Williamsburg Man's $450/Month Closet Revives the NY Times Real Estate Section
Today the New York Times real estate section, the paper’s not-so-subtle attempt to start an all-out class war, brings us the story of one Jack Leahy, a young musician in Williamsburg who lives in what essentially amounts to a crawl space. The space is just nine feet long, only four and a half feet wide, and oh yeah, just five feet high. And how much is Leahy paying to live in this very obvious death trap? $450.
"I think I was happy to be in New York and that I actually had a place," Leahy tells the newspaper. His main goal is to get signed to Captured Tracks record label, which, if he's successful, might pay him enough to live in a place that he doesn’t have to climb a ladder to get into and that isn’t above a performance space Leahy almost accidentally fell into once. "Too much moving around up here doesn’t feel safe," says Leahy.
Why not just call the column "How the Other Half Rents"?
"Yeah, the cholera is bad, and it gets pretty hot in the summer, but this deal really can’t be beaten. You end up exploring the city a lot, just to get away from the rats. Great waterfront."
Close enough: The closet living space dispatch marks the first in a new column called "Renters" for the real estate section, which the New York Times is re-launching whole this weekend, promising to feature "more service-oriented and visual journalism." Other new columns include "Voyeur," which will feature photos of out-of-control development, "The Fix," which will follow gut renovations of previously rent-stabilized apartments as they are flipped for the luxury market, and "360 View," a column that will try to give life to the fun "quirks" of the real estate market, like displacement and eviction.

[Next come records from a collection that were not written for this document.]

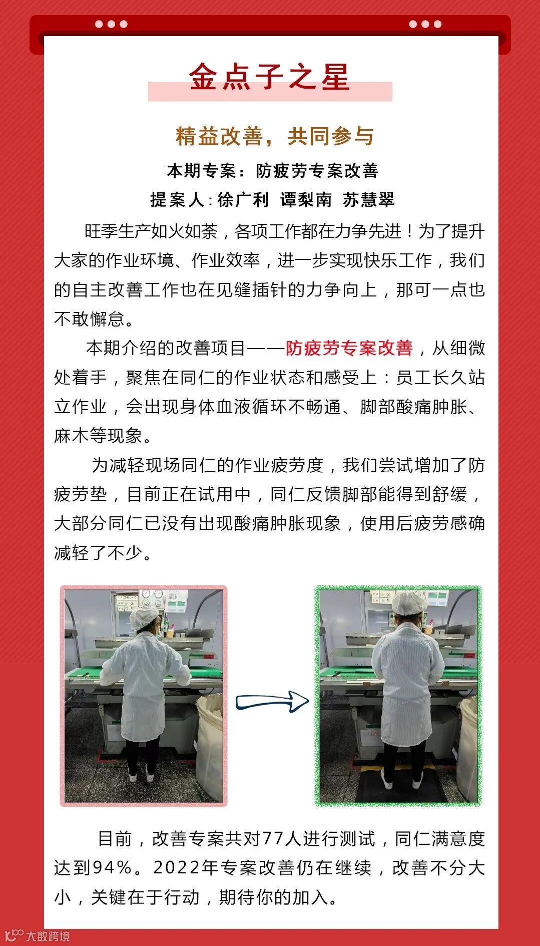 【广盛天地】小改善微创新,防疲劳垫,自主改善战一线!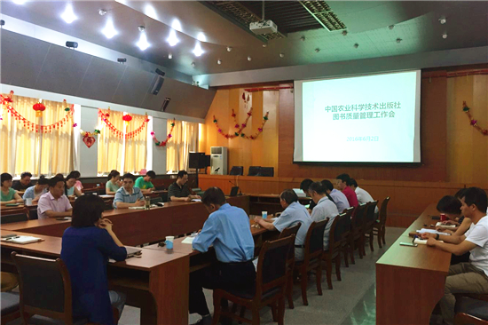6月2日,中國農(nóng)業(yè)科學(xué)技術(shù)出版社召開了以“打造精品力作,提升文化產(chǎn)品正能量”為主題的圖書質(zhì)量管理工作會,針對進(jìn)一步加強(qiáng)圖書質(zhì)量管理進(jìn)行了交流和研討。社領(lǐng)導(dǎo)、相關(guān)職能部門人員、全體編校人員、終審和印前審讀專家等參加了會議。會議由社長駱建忠主持。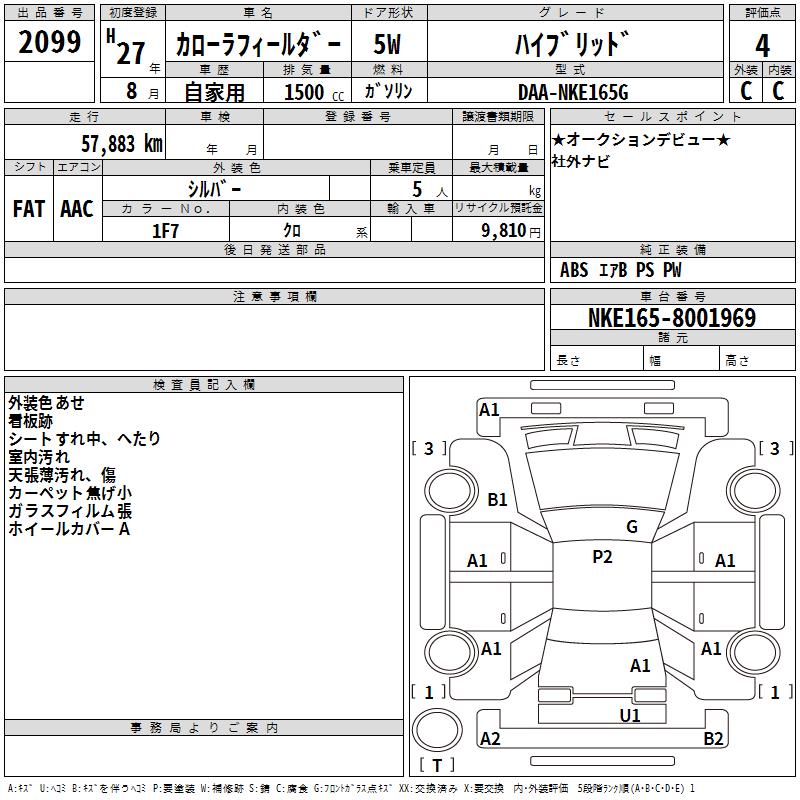 TOYOTA COROLLA FIELDER - лот 2099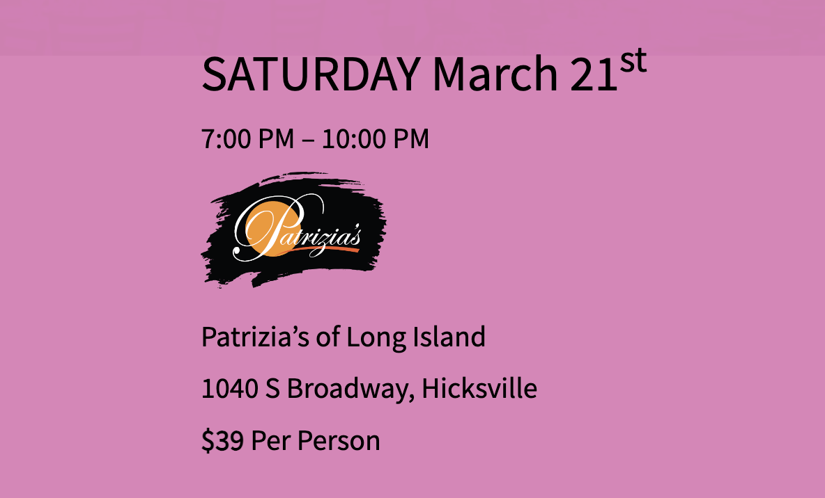 Please join us 7:00PM Saturday, March 21st at Patrizia’s of Long Island as we launch MPBC’s 2026 season with a night of food, refreshment, music and camaraderie. The night includes three hours of appetizers, a family style dinner, desserts, and open bar (unlimited beer, wine, and sangria). There are also plans to raffle off a few cycling-themed prizes.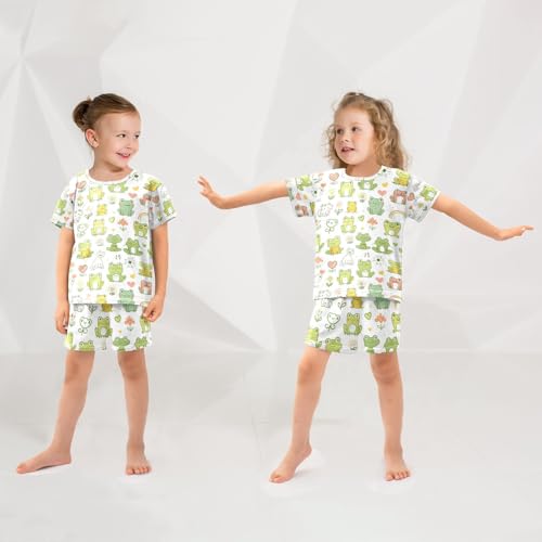 ALAZA Cute Frog Heart Blossom Pajamas Set Short Sleeve Cotton Sleepwear Summer Pjs 2 Piece 5-14Y 2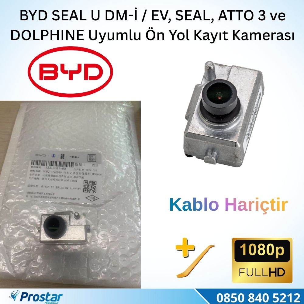 BYD elektrikli ve hibrit araç sahipleri için özel olarak üretilmiş orijinal ekipman kalitesinde ön yol kayıt kamerası. Araç güvenliğinizi maksimum seviyeye çıkarın.
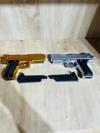 PeriYedi Boncuklu Altın ve Gümüş Renk Boncuk Atan Silah 2 Adet + 2 Adet 9 cm Hedef + 21 Paket Boncuk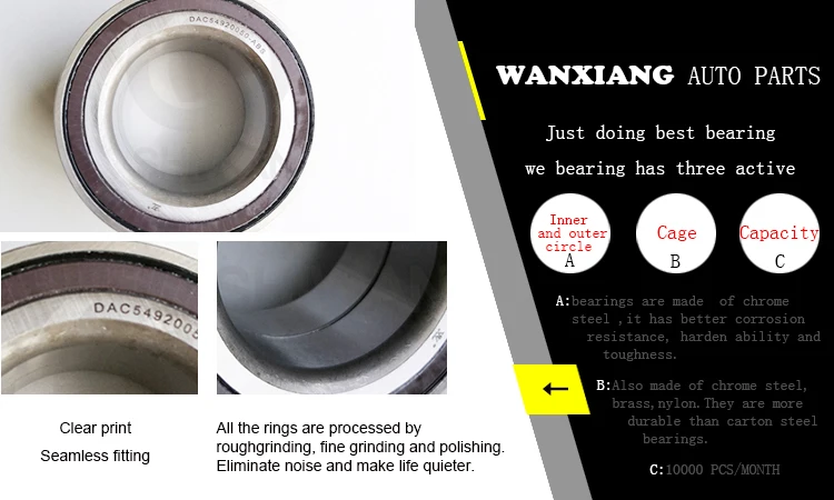 Jiaxing Wanxiang Auto Parts Co., Ltd. Was Founded In 2006. Specializing In The Production Of Auto Bearings, Including Wheel Bearings, Wheel Hub Bearings, Transmission Bearings. Products Of High Quality, Fashionable, Widely Used In A Variety Of Architecture, Not Only Has The Broad Masses Of The Domestic Sales Market, But Also Exported To Europe And The United States.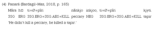 As said earlier, we focus on standard negation. However, we bring in existential, privative and prohibitive negation to the extent that these uses can shed light on the origin of the standard negator. For the same purpose we occasionally bring in negators of the wider Macro-Jê family. It is obvious that a comprehensive account requires a look at all negative forms, in the manner of Miranda (2015), and in the whole Macro-Jê family. Similarly, we do not discuss the properties of the non-finite verbs that typically occur in standard negation, and we don’t say much about the alignment patterns of either the ancestral or the present-day negative constructions (see esp. Castro Alves, 2010; Beauchamp et al., 2017; Gildea & Castro Alves, 2010, 2020).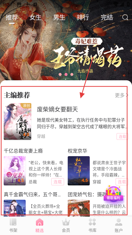1、在精选页面,可浏览主编推荐的书籍,点击感兴趣的书籍,进入书籍详情页啦。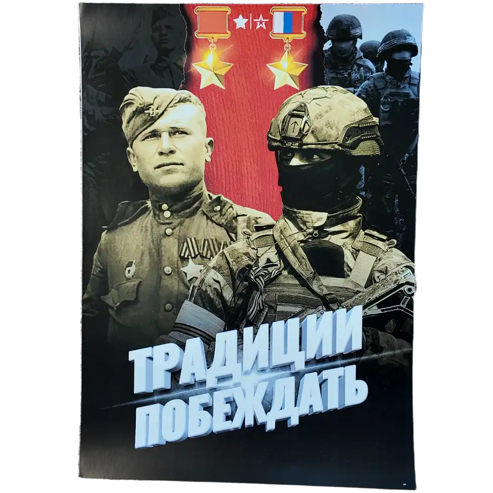 Tradition to Win Russian Patriotic Poster Soviet & Modern Soldier – 30×42 cm Variant 2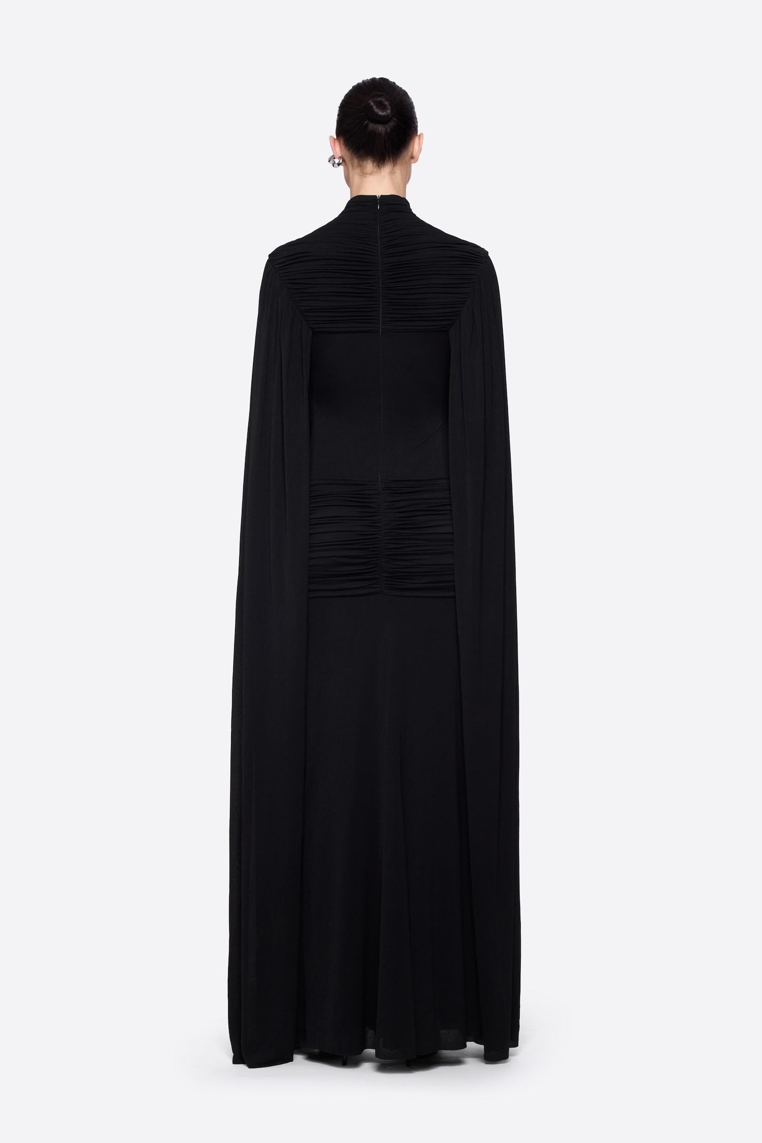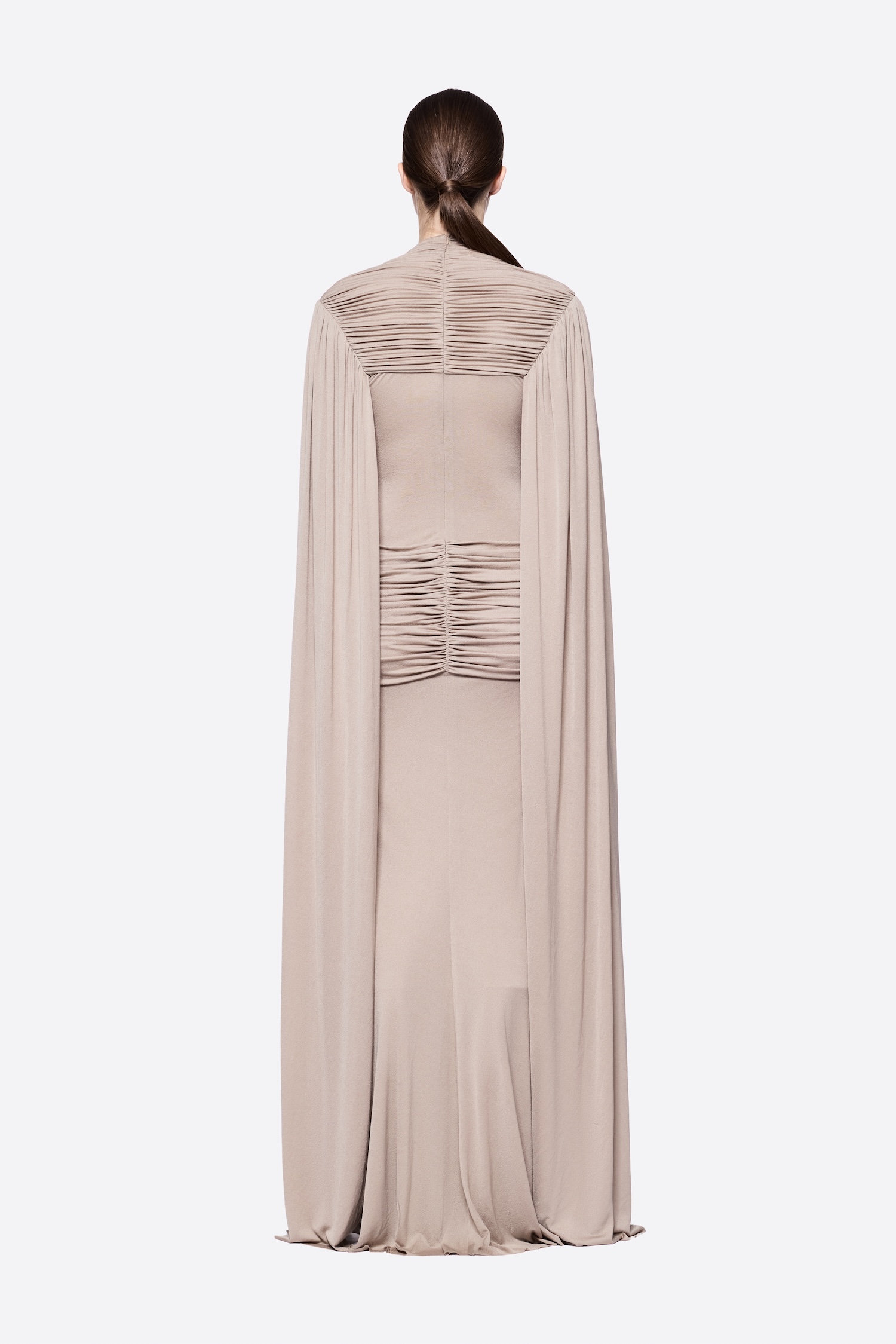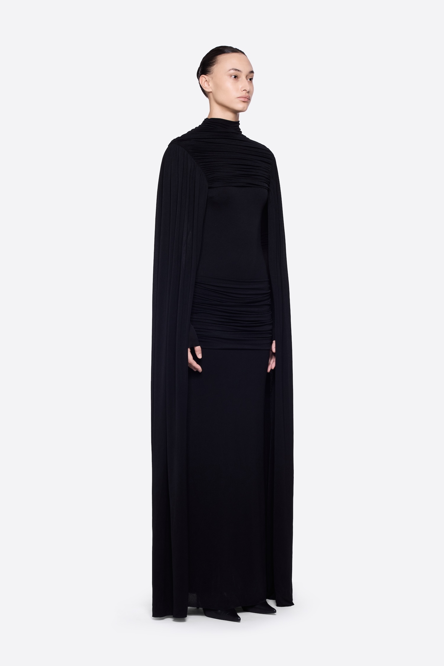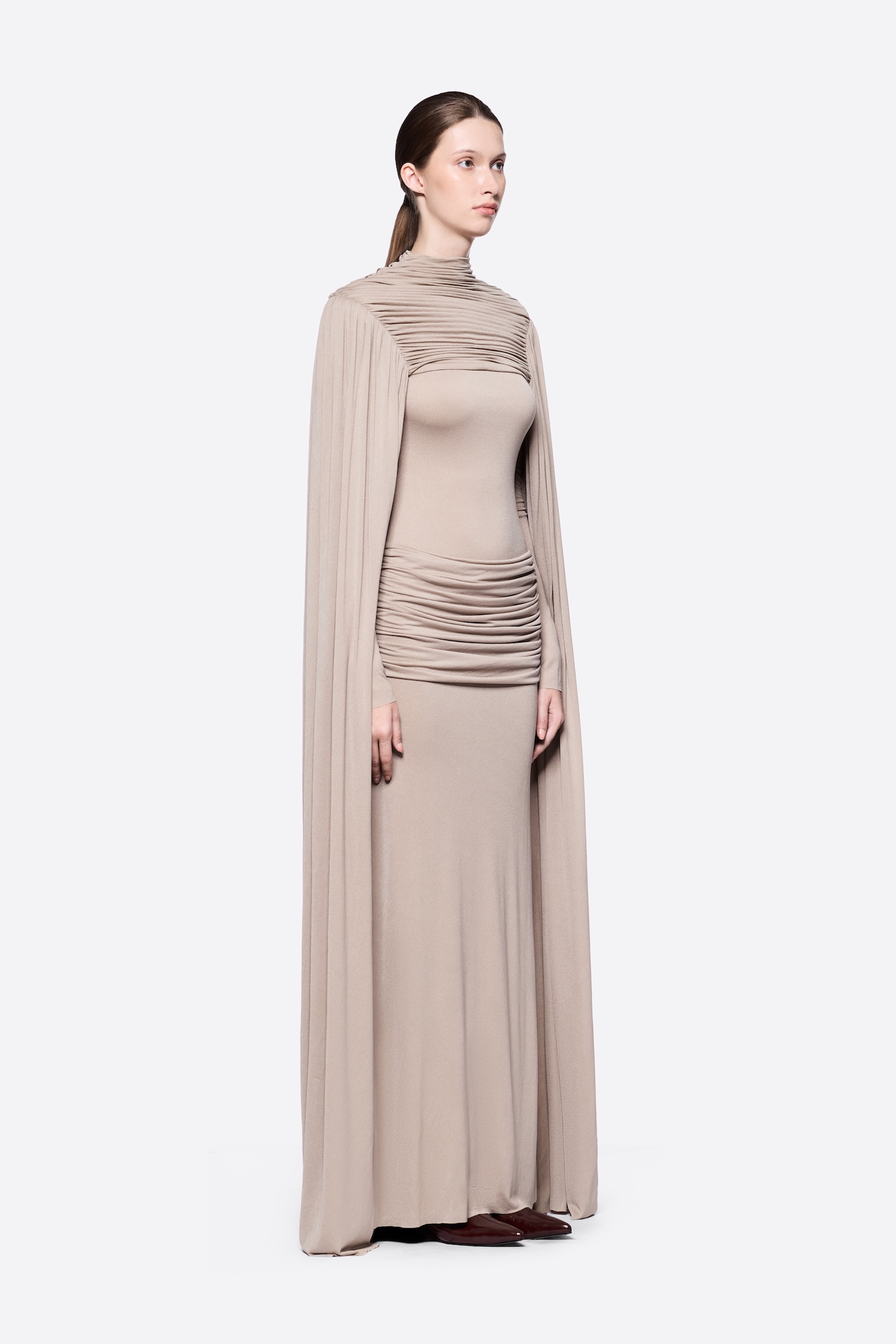 FORM-FITITNG LONG CAPE DRESS WITH SYMMETRICAL DRAPING DETAILS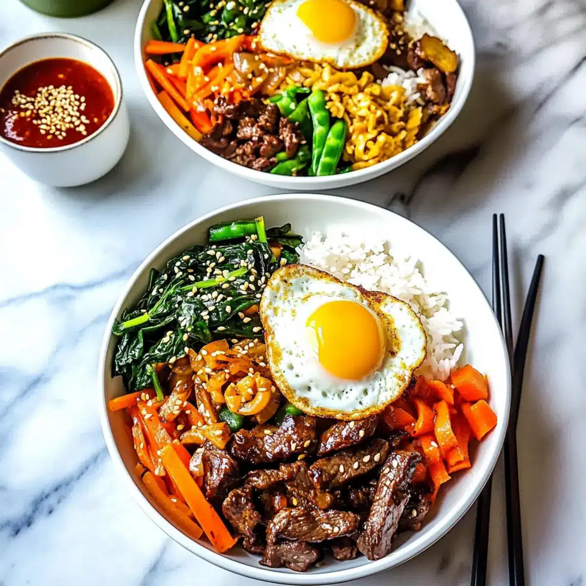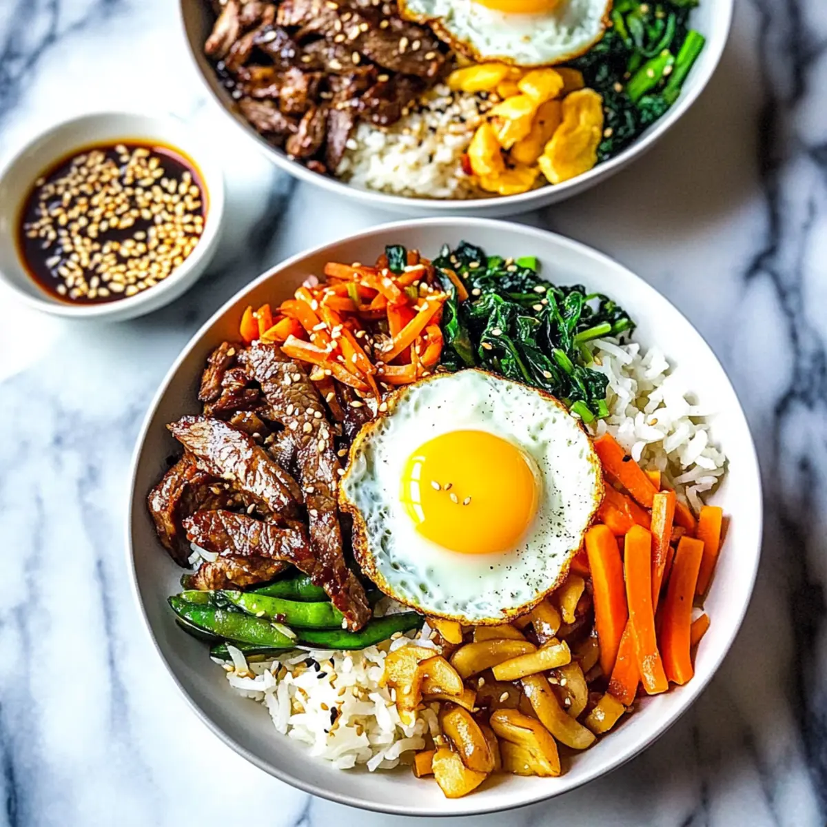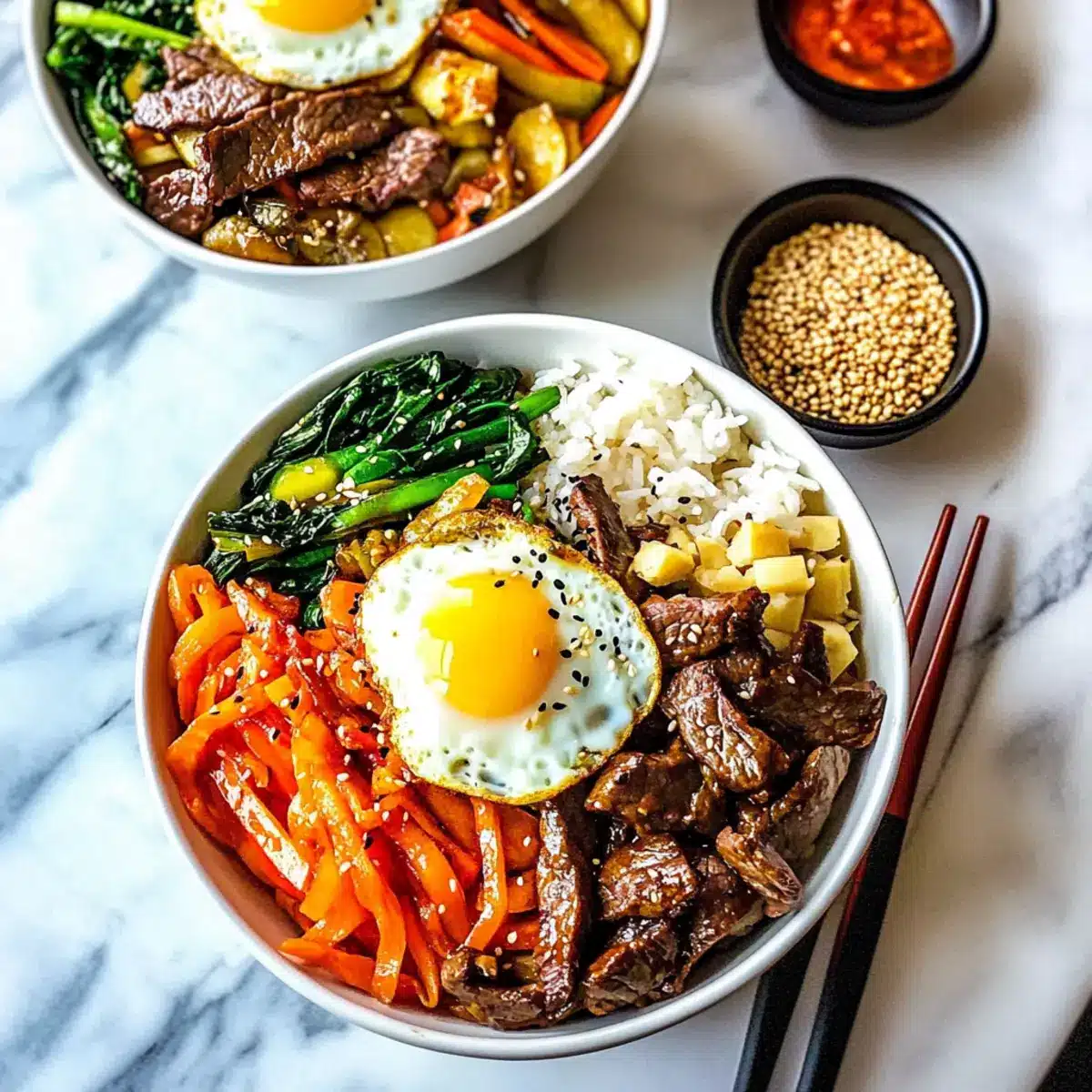 To serve, scoop a generous portion of rice into bowls. Artfully arrange the sautéed vegetables and beef around the rice. Add a dollop of kimchi (if using) and place the perfectly fried egg on top. For the finishing touch, sprinkle sesame seeds over the bowl for added crunch and flavor.

This is all being done as the luxury condo market, whose advertisements have packed the dwindling pages of the Sunday Times for years, dries up, and is replaced by the vagaries of the super-charged rental market, so accordingly the Times real estate section must change as well.
As for Leahy, he tells the paper he’s signed on to stay at the space for another year. Yes, things are getting so bad in the New York City housing market that someone has decided to sign up for another year of overpaying to live in a glorified coffin. Who knows? Maybe his landlord will decide to just randomly give him a roommate one day. Anything’s possible now. The world is the Real Estate section’s oyster. Wait —anyone out there living in an oyster? Would make a great photo spread!